Semi-discontinued line of high-end laptops and desktops, and line of printers from HP

The HP Envy (stylized in all uppercase) was a line of consumer-oriented high-end laptops and desktop computers as well as a line of printers manufactured and sold since 2009 by Hewlett-Packard and later by its successor, HP Inc. It originally started as a high-end version of the HP Pavilion line before becoming its own separate line years later.

The Envy line of computers is currently being supplanted by the AI-powered Omni brand (OmniBook, OmniStudio, OmniDesk) due to a corporate streamlining of products that happened in 2024. The Envy line of printers continues to be produced.

==History==
HP originally launched the Envy lineup on October 15, 2009, with two high-performance models, the Envy 13 and the Envy 15. These models replaced the Voodoo Envy when HP and VoodooPC merged in 2006. After that, HP expanded the series with the addition of the Envy 14 and Envy 17 models. The Envy's main competition were computers such as Acer's Aspire and Swift, Asus's VivoBook and ZenBook, Dell's Inspiron and XPS, Lenovo's IdeaPad and Yoga, Samsung's Galaxy Book, and Toshiba's Satellite.

In 2010, HP released only the Envy 14 and 17 model; the Envy 13 model quietly being discontinued.

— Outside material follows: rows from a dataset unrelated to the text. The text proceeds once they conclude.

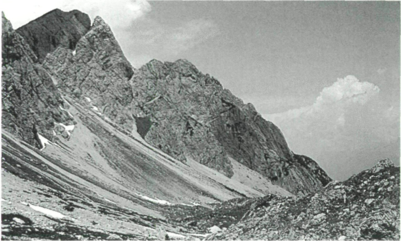
Abb. 1: Kalk-Geröllhalden in den Lienzer Dolomiten: Flugplatz von S. nigrita B.

An folgenden Pflanzen konnte ich S. nigrita saugend beobachten: Dryas octopetala (Silberwurz), Silene acaulis (Stengelloses Leimkraut), Potentilla nitida (Dolomiten-Fingerkraut).
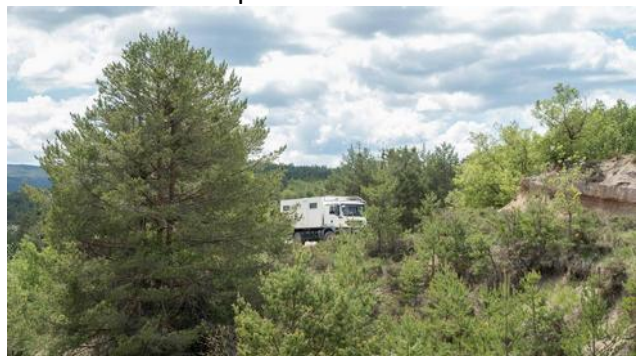
Khronos vu depuis le pont
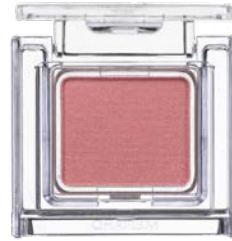
[ 33F ]
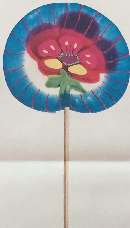
Maxi-sucette TASTY, 5 €.

ITALIE, NATION, PARLY, VELIZY, DEAUVILLE, LILLE, LYON, MARSEILLE LA VALENTINE, MARSEILLE TERRASSES DU PORT, TOULON
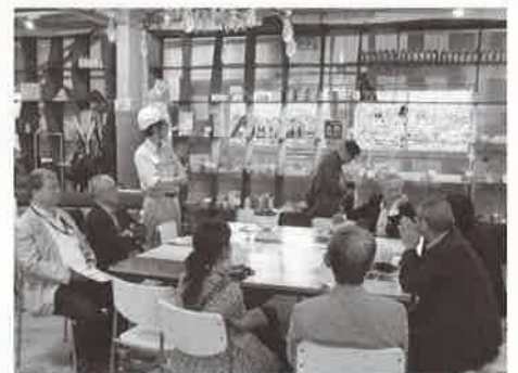
マテリアル(素材)を使った作品、商品

参加者からは様々な質問が飛び交い、工場内を熱心に見学しました。この中間処理場でリユースされる資源(材料)は東急ハンズにも卸しているものもあるそうです。廃棄物の再資源化もちょっとした分別や、まとめ方により大きく価値が変わる事がわかり、参加者もしきりに感心していました。
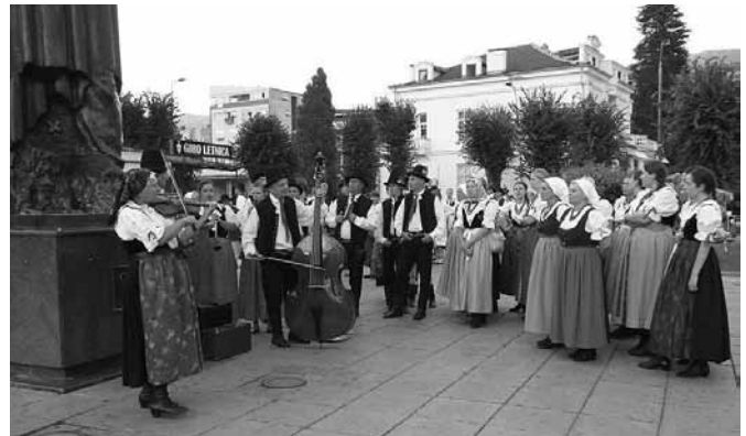
Zespół koncertował również na ulicach.

Wyprawa na Bałkany oznaczała dla członków zespołu także wypoczynek połączony ze zwiedzaniem. Zobaczyli m.in. Albanie (Tirana, Durres), Medziugorie w Bośni i Hercegowinie i Dubrow-
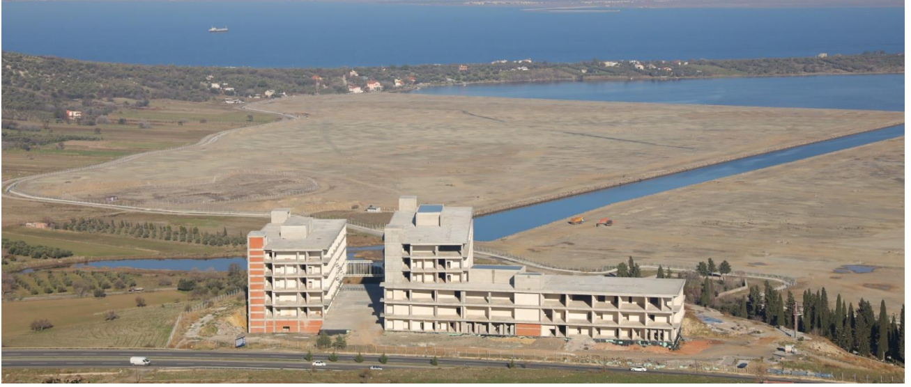
Aliğa Mesleki ve Çevresel Hastalıklar Hastanesi
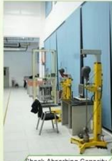
Shock Absorbing Capacity
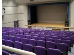
劇場イス・16チャンネル音響 設備・ビデオプロジェクター
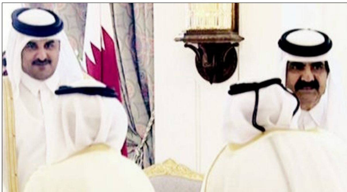
الشيخ حمد بن خليفة يسلم الحكم لنجله الشيخ تميم

ذهب ضحيتها أكثر من 80 قتيلًا، وأصيب 160، في أضخم هجوم من نوعه يستهدف جامعة سورية منذ اشتعال الأزمة قبل سنتين. - هولاند يبحث في الإمارات الدعم الخليجي لحربه في مالي. - كارثة قطار البدرشين في الجزيرة مقتل 19 مجننا وجرح 117. - فرنسا تتدخل عسكريا في مالي لوقف زحف «القاعدة». - مقتل 41 رهينة اجنبية من العاملين في منشأة «بريتش بتروليوم» بينهم 7 أميركيين، و13 درويجا، و5 يابانيين في الجزائر. - سيف الاسلام القذافي يمثل امام محكمة ليبية.

In 2012, HP discontinued their traditional Envy 13, 14, 15, and 17 models and rebranded their existing Pavilion line of computers as the new Envy lineup. The new Envy line consisted of the (rebranded Pavilion) Envy notebook line and the hybrid HP Envy x2. The rebranded Pavilion laptops continued with Beats Audio branded speakers and dedicated Nvidia graphics processors.

In 2013, there were three Ultrabooks in the Envy lineup – the Envy 4 TouchSmart, Envy 4, and Envy 6.

In 2014, the naming changed again, and Envy laptops had a 13, 14, 15, and 17 model. The Envy brand was also expanded to include desktops and printers under the brand name.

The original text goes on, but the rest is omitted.